• _WHAT THIS TASK INVOLVES_
Please reproduce each line of the data below exactly as shown.

------------------------

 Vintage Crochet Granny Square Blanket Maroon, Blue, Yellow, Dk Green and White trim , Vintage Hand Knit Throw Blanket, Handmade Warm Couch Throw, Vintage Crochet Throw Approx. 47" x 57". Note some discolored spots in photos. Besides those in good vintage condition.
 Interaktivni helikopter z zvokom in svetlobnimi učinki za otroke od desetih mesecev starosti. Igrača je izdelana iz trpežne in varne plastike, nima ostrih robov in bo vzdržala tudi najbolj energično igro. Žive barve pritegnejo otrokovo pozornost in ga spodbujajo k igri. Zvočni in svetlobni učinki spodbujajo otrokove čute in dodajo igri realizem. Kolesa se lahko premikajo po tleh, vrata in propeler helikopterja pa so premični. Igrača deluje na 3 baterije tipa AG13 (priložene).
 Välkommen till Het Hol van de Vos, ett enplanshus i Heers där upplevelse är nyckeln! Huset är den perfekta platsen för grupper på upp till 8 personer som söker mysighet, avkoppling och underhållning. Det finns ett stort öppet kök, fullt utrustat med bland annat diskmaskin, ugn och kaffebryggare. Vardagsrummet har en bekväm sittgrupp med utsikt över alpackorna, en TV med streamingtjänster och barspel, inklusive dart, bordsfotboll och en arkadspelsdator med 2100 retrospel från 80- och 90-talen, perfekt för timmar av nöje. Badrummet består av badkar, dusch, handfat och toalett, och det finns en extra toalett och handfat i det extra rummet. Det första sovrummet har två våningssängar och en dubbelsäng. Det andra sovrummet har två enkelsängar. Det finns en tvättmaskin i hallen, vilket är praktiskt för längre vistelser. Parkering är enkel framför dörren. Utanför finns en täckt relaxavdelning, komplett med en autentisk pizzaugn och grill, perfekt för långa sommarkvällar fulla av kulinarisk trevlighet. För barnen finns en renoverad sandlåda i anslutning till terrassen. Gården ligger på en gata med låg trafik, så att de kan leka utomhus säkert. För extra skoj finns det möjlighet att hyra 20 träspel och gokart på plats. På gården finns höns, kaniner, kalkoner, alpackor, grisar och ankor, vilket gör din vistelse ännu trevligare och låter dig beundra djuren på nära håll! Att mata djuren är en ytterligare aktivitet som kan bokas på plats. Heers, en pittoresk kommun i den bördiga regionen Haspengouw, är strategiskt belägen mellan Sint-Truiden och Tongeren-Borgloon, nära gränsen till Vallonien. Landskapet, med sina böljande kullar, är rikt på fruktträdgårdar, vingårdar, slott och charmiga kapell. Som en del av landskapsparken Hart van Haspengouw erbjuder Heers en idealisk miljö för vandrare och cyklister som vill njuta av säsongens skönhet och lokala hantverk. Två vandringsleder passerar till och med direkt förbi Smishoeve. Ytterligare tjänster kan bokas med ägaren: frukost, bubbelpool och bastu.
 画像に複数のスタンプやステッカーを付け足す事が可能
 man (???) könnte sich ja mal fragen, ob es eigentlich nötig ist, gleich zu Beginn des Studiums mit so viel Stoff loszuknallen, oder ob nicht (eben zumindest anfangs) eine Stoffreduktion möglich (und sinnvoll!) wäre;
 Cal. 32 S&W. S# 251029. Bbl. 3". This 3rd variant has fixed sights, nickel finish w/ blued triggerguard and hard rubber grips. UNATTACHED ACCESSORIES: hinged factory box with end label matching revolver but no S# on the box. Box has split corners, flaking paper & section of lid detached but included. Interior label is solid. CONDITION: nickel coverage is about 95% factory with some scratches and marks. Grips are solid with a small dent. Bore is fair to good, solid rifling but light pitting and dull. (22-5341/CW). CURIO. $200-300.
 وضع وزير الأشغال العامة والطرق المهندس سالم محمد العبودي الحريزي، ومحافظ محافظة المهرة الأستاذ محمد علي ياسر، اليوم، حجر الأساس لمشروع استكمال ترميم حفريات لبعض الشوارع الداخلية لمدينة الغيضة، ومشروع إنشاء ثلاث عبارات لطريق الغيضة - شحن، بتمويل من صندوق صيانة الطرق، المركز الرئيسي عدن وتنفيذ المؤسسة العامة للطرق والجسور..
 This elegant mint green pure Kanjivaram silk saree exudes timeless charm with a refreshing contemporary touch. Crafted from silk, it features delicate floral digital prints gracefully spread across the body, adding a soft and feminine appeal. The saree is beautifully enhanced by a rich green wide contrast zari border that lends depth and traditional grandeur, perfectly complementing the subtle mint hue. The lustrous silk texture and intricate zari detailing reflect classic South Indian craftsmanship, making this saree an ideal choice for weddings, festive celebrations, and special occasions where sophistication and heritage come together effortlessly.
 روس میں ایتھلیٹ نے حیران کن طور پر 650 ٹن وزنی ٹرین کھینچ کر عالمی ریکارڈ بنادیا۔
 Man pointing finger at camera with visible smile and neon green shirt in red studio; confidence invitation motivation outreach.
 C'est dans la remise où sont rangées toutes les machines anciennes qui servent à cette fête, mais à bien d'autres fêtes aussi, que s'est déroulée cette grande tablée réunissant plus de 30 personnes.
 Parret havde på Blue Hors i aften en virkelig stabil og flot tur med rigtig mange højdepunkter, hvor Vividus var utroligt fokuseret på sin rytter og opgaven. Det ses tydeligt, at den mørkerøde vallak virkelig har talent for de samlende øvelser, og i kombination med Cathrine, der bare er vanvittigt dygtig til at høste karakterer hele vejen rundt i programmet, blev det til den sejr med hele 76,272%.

------------------------

• _TASK OUTPUT_
 Vintage Crochet Granny Square Blanket Maroon, Blue, Yellow, Dk Green and White trim , Vintage Hand Knit Throw Blanket, Handmade Warm Couch Throw, Vintage Crochet Throw Approx. 47" x 57". Note some discolored spots in photos. Besides those in good vintage condition.
 Interaktivni helikopter z zvokom in svetlobnimi učinki za otroke od desetih mesecev starosti. Igrača je izdelana iz trpežne in varne plastike, nima ostrih robov in bo vzdržala tudi najbolj energično igro. Žive barve pritegnejo otrokovo pozornost in ga spodbujajo k igri. Zvočni in svetlobni učinki spodbujajo otrokove čute in dodajo igri realizem. Kolesa se lahko premikajo po tleh, vrata in propeler helikopterja pa so premični. Igrača deluje na 3 baterije tipa AG13 (priložene).
 Välkommen till Het Hol van de Vos, ett enplanshus i Heers där upplevelse är nyckeln! Huset är den perfekta platsen för grupper på upp till 8 personer som söker mysighet, avkoppling och underhållning. Det finns ett stort öppet kök, fullt utrustat med bland annat diskmaskin, ugn och kaffebryggare. Vardagsrummet har en bekväm sittgrupp med utsikt över alpackorna, en TV med streamingtjänster och barspel, inklusive dart, bordsfotboll och en arkadspelsdator med 2100 retrospel från 80- och 90-talen, perfekt för timmar av nöje. Badrummet består av badkar, dusch, handfat och toalett, och det finns en extra toalett och handfat i det extra rummet. Det första sovrummet har två våningssängar och en dubbelsäng. Det andra sovrummet har två enkelsängar. Det finns en tvättmaskin i hallen, vilket är praktiskt för längre vistelser. Parkering är enkel framför dörren. Utanför finns en täckt relaxavdelning, komplett med en autentisk pizzaugn och grill, perfekt för långa sommarkvällar fulla av kulinarisk trevlighet. För barnen finns en renoverad sandlåda i anslutning till terrassen. Gården ligger på en gata med låg trafik, så att de kan leka utomhus säkert. För extra skoj finns det möjlighet att hyra 20 träspel och gokart på plats. På gården finns höns, kaniner, kalkoner, alpackor, grisar och ankor, vilket gör din vistelse ännu trevligare och låter dig beundra djuren på nära håll! Att mata djuren är en ytterligare aktivitet som kan bokas på plats. Heers, en pittoresk kommun i den bördiga regionen Haspengouw, är strategiskt belägen mellan Sint-Truiden och Tongeren-Borgloon, nära gränsen till Vallonien. Landskapet, med sina böljande kullar, är rikt på fruktträdgårdar, vingårdar, slott och charmiga kapell. Som en del av landskapsparken Hart van Haspengouw erbjuder Heers en idealisk miljö för vandrare och cyklister som vill njuta av säsongens skönhet och lokala hantverk. Två vandringsleder passerar till och med direkt förbi Smishoeve. Ytterligare tjänster kan bokas med ägaren: frukost, bubbelpool och bastu.
 画像に複数のスタンプやステッカーを付け足す事が可能
 man (???) könnte sich ja mal fragen, ob es eigentlich nötig ist, gleich zu Beginn des Studiums mit so viel Stoff loszuknallen, oder ob nicht (eben zumindest anfangs) eine Stoffreduktion möglich (und sinnvoll!) wäre;
 Cal. 32 S&W. S# 251029. Bbl. 3". This 3rd variant has fixed sights, nickel finish w/ blued triggerguard and hard rubber grips. UNATTACHED ACCESSORIES: hinged factory box with end label matching revolver but no S# on the box. Box has split corners, flaking paper & section of lid detached but included. Interior label is solid. CONDITION: nickel coverage is about 95% factory with some scratches and marks. Grips are solid with a small dent. Bore is fair to good, solid rifling but light pitting and dull. (22-5341/CW). CURIO. $200-300.
 وضع وزير الأشغال العامة والطرق المهندس سالم محمد العبودي الحريزي، ومحافظ محافظة المهرة الأستاذ محمد علي ياسر، اليوم، حجر الأساس لمشروع استكمال ترميم حفريات لبعض الشوارع الداخلية لمدينة الغيضة، ومشروع إنشاء ثلاث عبارات لطريق الغيضة - شحن، بتمويل من صندوق صيانة الطرق، المركز الرئيسي عدن وتنفيذ المؤسسة العامة للطرق والجسور..
 This elegant mint green pure Kanjivaram silk saree exudes timeless charm with a refreshing contemporary touch. Crafted from silk, it features delicate floral digital prints gracefully spread across the body, adding a soft and feminine appeal. The saree is beautifully enhanced by a rich green wide contrast zari border that lends depth and traditional grandeur, perfectly complementing the subtle mint hue. The lustrous silk texture and intricate zari detailing reflect classic South Indian craftsmanship, making this saree an ideal choice for weddings, festive celebrations, and special occasions where sophistication and heritage come together effortlessly.
 روس میں ایتھلیٹ نے حیران کن طور پر 650 ٹن وزنی ٹرین کھینچ کر عالمی ریکارڈ بنادیا۔
 Man pointing finger at camera with visible smile and neon green shirt in red studio; confidence invitation motivation outreach.
 C'est dans la remise où sont rangées toutes les machines anciennes qui servent à cette fête, mais à bien d'autres fêtes aussi, que s'est déroulée cette grande tablée réunissant plus de 30 personnes.
 Parret havde på Blue Hors i aften en virkelig stabil og flot tur med rigtig mange højdepunkter, hvor Vividus var utroligt fokuseret på sin rytter og opgaven. Det ses tydeligt, at den mørkerøde vallak virkelig har talent for de samlende øvelser, og i kombination med Cathrine, der bare er vanvittigt dygtig til at høste karakterer hele vejen rundt i programmet, blev det til den sejr med hele 76,272%.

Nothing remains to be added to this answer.